**Exercise requirements**
Carry none of the pictures over; write out the complete data exactly.

**Supplied information**
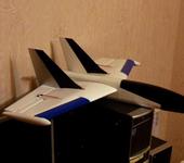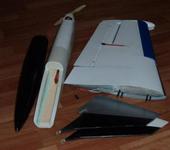 Нашел вот такое крыло www.flywood.de/orca.html и не удержался, решил соорудить, как раз испытал новую пену. Оригинал имеет 1460мм, у меня 1,2м + законцовки по 3 см, профиль дельта 400, предоставленный товарищем Черкашиным, он же используется для баклана, корневая 275, концевая 140, смещение 0. Взлетный вес с батарейкой 1300мА 2S -560грм, с батарейкой 610мА 2S-520грм, мотор 1600об/в 140w, немного получилась передняя центровка можно короче фюз делать, добавил руль направления, работает эффективно, понравилось, нагрузка с тяжелой батарейкой 21грм/дм.кв. проп 9/5.
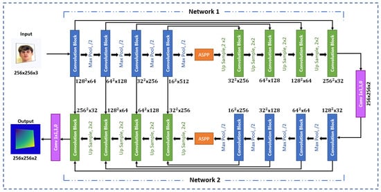 In the view of Figure 3, the architecture consists of two main networks, labeled Network 1 and Network 2. Each network follows the same structure, starting with an encoder sub-network (marked in blue) followed by a decoder sub-network (marked in green). In the first network (Network 1), a three-channel input image is initially processed by the encoder. The resulting output is then subjected to further processing through the ASPP module. Following this, the decoder concatenates the output from the ASPP module with skip connections from the encoder. In the second network (Network 2), the encoder operates on a 2-channel input derived from the previous network (Network 1). Afterward, The encoder output is fed into the ASPP module. The decoder then concatenates the output from the ASPP module with skip connections from both encoders. Finally, the prediction yields an output with two channels.
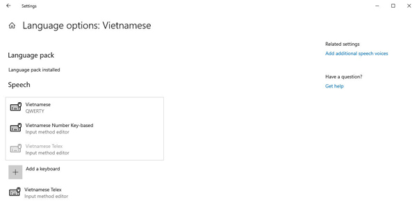 Sau khi cài đặt xong gói Tiếng Việt, bạn kích vào chọn Options -> Add a keyboard -> chọn Vietnamese Telex hoặc nếu bạn gõ VNI thì chọn Vietnamese Number Key-based.

**Result of the task**
 Нашел вот такое крыло www.flywood.de/orca.html и не удержался, решил соорудить, как раз испытал новую пену. Оригинал имеет 1460мм, у меня 1,2м + законцовки по 3 см, профиль дельта 400, предоставленный товарищем Черкашиным, он же используется для баклана, корневая 275, концевая 140, смещение 0. Взлетный вес с батарейкой 1300мА 2S -560грм, с батарейкой 610мА 2S-520грм, мотор 1600об/в 140w, немного получилась передняя центровка можно короче фюз делать, добавил руль направления, работает эффективно, понравилось, нагрузка с тяжелой батарейкой 21грм/дм.кв. проп 9/5.
 In the view of Figure 3, the architecture consists of two main networks, labeled Network 1 and Network 2. Each network follows the same structure, starting with an encoder sub-network (marked in blue) followed by a decoder sub-network (marked in green). In the first network (Network 1), a three-channel input image is initially processed by the encoder. The resulting output is then subjected to further processing through the ASPP module. Following this, the decoder concatenates the output from the ASPP module with skip connections from the encoder. In the second network (Network 2), the encoder operates on a 2-channel input derived from the previous network (Network 1). Afterward, The encoder output is fed into the ASPP module. The decoder then concatenates the output from the ASPP module with skip connections from both encoders. Finally, the prediction yields an output with two channels.
 Sau khi cài đặt xong gói Tiếng Việt, bạn kích vào chọn Options -> Add a keyboard -> chọn Vietnamese Telex hoặc nếu bạn gõ VNI thì chọn Vietnamese Number Key-based.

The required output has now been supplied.